Exercise instructions:
After locating the line that holds "一位英特尔在职员工发帖求助,提问:是否要", copy that line and all that follow it word for word through the end of the data, with no pictures.

Supplied material:
==============================

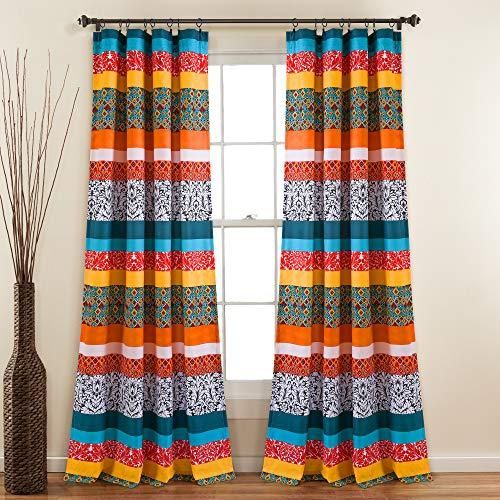 Lush Decor ターコイズとタンジェリン ボーホー ストライプ ウィンドウカーテン ボヘミアンデザインパネルペア 幅52インチ×長さ84インチ
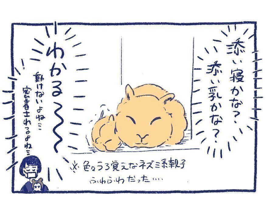 次に目に入ったのは、子どもに密着されて動けなくなっている、ふわふわのネズミ系親子です。
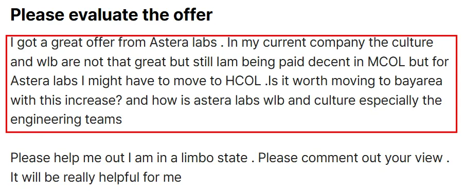 一位英特尔在职员工发帖求助,提问:是否要为了更高的薪资跳槽至湾区的公司?绝大多数网友表示,没有必要为了十几万美元的TC差价前往生活成本及房价高的地方。此外,有网友透露,Astera的工作环境非常糟糕,工作量很大……Blind统计显示,Astera WLB评分只有3.9分。为了帮大家打破找工&面试瓶颈,我们特别建立了一个北美码农求职互助群👇
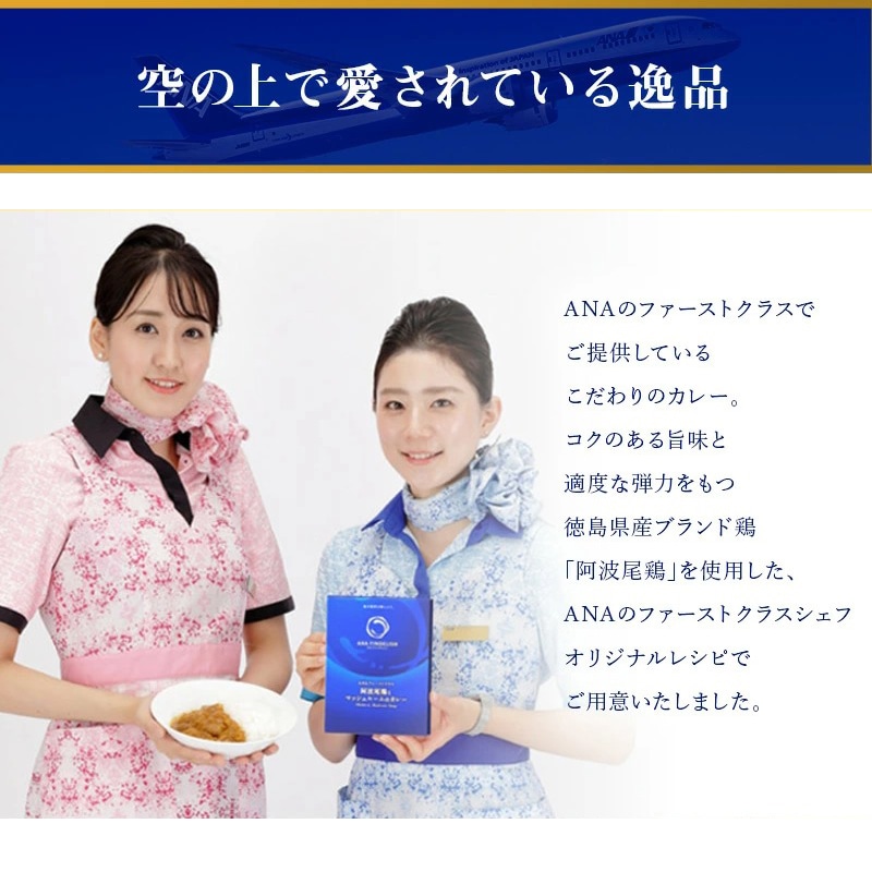 ANAのファーストクラスでご提供しているこだわりのカレー 贈り物に最適な厚手で美しいギフトボックス入りでお届けします。 ■内容量 阿波尾鶏とマッシュルームのカレー:6食(1食あたり180g)

==============================

Response below:
 一位英特尔在职员工发帖求助,提问:是否要为了更高的薪资跳槽至湾区的公司?绝大多数网友表示,没有必要为了十几万美元的TC差价前往生活成本及房价高的地方。此外,有网友透露,Astera的工作环境非常糟糕,工作量很大……Blind统计显示,Astera WLB评分只有3.9分。为了帮大家打破找工&面试瓶颈,我们特别建立了一个北美码农求职互助群👇
 ANAのファーストクラスでご提供しているこだわりのカレー 贈り物に最適な厚手で美しいギフトボックス入りでお届けします。 ■内容量 阿波尾鶏とマッシュルームのカレー:6食(1食あたり180g)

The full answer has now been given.